(Brussels, 29 June 2023 - Press Release) A new report released today by CICTAR lays bare the little-known world of care home real estate investment and exposes the huge profits made by dedicated healthcare property companies. These companies buy up care homes and rent them back to their operators. They provide no care services and shift property risk to the operators of care homes. Their profits depend, to a large extent, on subsidies from the public purse and very low tax rates on property income.
The investigation focuses on Cofinimmo, a Belgian real-estate company with a healthcare portfolio valued at €4.5 billion, including 25,600 care-home beds across Europe. Cofinimmo owns care homes which it then rents out to care providers, often private companies, for a profit. The multinational is incredibly profitable: over the five-year period to 2021, Cofinimmo’s operating profit margin on healthcare properties, primarily care homes, was over 80%. However, it paid an effective corporate tax rate averaging only 3.35 per cent between 2017 and 2021, due to Belgium’s special low-tax regime for property investors (Real Estate Investment Trusts).
More tax is usually paid on this profit when it is distributed to shareholders in the form of dividends.
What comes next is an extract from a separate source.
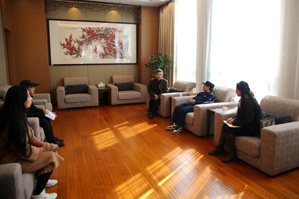 我校朱爱胜书记(右三)与检查组成员交流

CICTAR’s report finds that a small number of big investors can use various legal loopholes to reduce tax on these profits. Though not a large reduction in the overall taxation of Cofinimmo’s dividends, the tax savings are likely to be significant for a small number of overseas investors.
Jan Willem Goudriaan, General Secretary of the European Public Service Union, which represents care workers and their trade unions in Europe, said:
“Companies like Cofinimmo own many of the care homes where our members work, often for very low wages, caring for our elderly. Care is subsidised by the state to ensure everyone has access to dignity in old age. In Belgium, around half the income of care-home operators, who are Cofinimmo’s rent-paying clients, comes from social security. Why then is the company making such extraordinarily high profits just from owning care home properties when care systems across Europe are in such dire need of public funding? Governments must stop profit being sucked out of the care system through real estate speculation and instead make sure enough resources are directed to workers’ wages and residents’ quality of life.”
Mike Lewis, researcher with CICTAR and one of the authors of the report, said:
“Our investigation uncovers a system where the private companies providing care are selling their properties to groups like Cofinimmo in order to raise capital or just to give shareholders a pay-out.
Cofinimmo and others then rent back these care homes to the care provider under contracts that leave all the costs and risks with the care company, and all the rent with Cofinimmo and similar landlords. Residents now have to pay for the profit margins of two private companies instead of one.
“Following the scandal around French care giant Orpea, one of Cofinimmo’s biggest tenants, governments should be asking whether a model of excessive and uncontrolled property development is really the best way of providing care. Cofinimmo is only one example of a system that prioritises private profit before access to quality care.”
The Centre for International Corporate Accountability and Research, CICTAR, was formed by a group of unions and civil society organisations that believe workers and communities need more and better information about the tax arrangements of multinational corporations. CICTAR provides a centralised resource for information and analysis on the practical effects of corporate tax policy and practices.
The European Federation of Public Service Unions (EPSU) represents 8 million public service workers across Europe, including care workers. We are the strong trade union voice that workers need, whether that’s with employers, the European Parliament, the Commission or national governments.